Key figures
13498 | patients on the active organ waiting list on January 1, 2024 |
10099 | new patients on the waiting list in 2023 |
6815 | organs transplanted from deceased donors in 2023 |
139,3 | million inhabitants in the Eurotransplant region |
About Eurotransplant
The Eurotransplant International Foundation (Eurotransplant) is a service organization for collaborating transplant centers, laboratories and donor hospitals in eight countries. Eurotransplant is committed to making best use of available donor organs by matching each donor organ as well as possible with its recipient. Our allocation of organs is founded on medical and ethical considerations. Eurotransplant is democratically organized with an Assembly, a Board of Management, a Supervisory Board, two Advisory Councils and eight Advisory Committees. With this structure, the national authorities, the national transplant societies and the Eurotransplant transplant programs have input in the policy and practice of Eurotransplant.
Cooperation saves lives
Austria, Belgium, Croatia, Germany, Hungary, Luxembourg, the Netherlands and Slovenia are members of Eurotransplant – representing a combined population of about 139 million. The benefits of cooperation arise not least from our use of a single donor reporting system and a single centrally-held waiting list.
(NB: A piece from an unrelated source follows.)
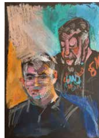
Atelier portrait pour les participants du groupe CASP EMMAÛS

The other factor is that physicians and scientists within Eurotransplant combine forces and develop allocation rules for donor organs that are evidence-based and founded on medical experience.
There are approximately 14,000 patients on the centrally-held waiting list, a patient pool size that enables us to find a suitable recipient for virtually every donor organ. Where a perfect match is required, this too is possible, thanks to the patient pool size. In allocating organs, Eurotransplant gives consideration to the full range of donor and recipient characteristics, such as blood group and tissue type, ameliorating transplant outcomes and affording the patient a higher quality of life.
Eurotransplant arranges the allocation of about 7,000 donor organs every year. Our transnational collaboration boosts the most critical patients’ chances, while our mutual solidarity also helps us to assist special groups such as children, rare blood group and rare tissue type patients.
Donor organ allocation
The 79 transplant centers in the participating countries annotate all important patient characteristics in Eurotransplant’s centrally-administered database for those awaiting an organ transplant. As soon as a donor organ becomes available, its characteristics are likewise entered on the database. This is the point at which the clock starts ticking: organs have to be transplanted within a couple of hours of removal from the donor – which is why an organization to take care of organ allocation and transport is literally a lifesaver. Trained staff man the Eurotransplant duty desk 24/7 to carry out this task.
When a donor’s decease is flagged up, Eurotransplant at once draws up a match list for each organ that has become available, using a sophisticated computer application. There are four general principles that are weighed during allocation: expected transplant outcome; expert opinion as to the degree of urgency; how long the patient has been waiting; and the national organ balance for the participating nation involved. The expected transplant outcome is determined by factors including donor and recipient characteristics.
Eurotransplant’s duty desk officer will then offer the donor organ to the transplant center for the patient at the top of the waiting list. As a safe measure, the transplant center for the number two patient on the list will also receive a provisional offer. Once the organ has been accepted by the treating consultant, organ removal and transport are arranged.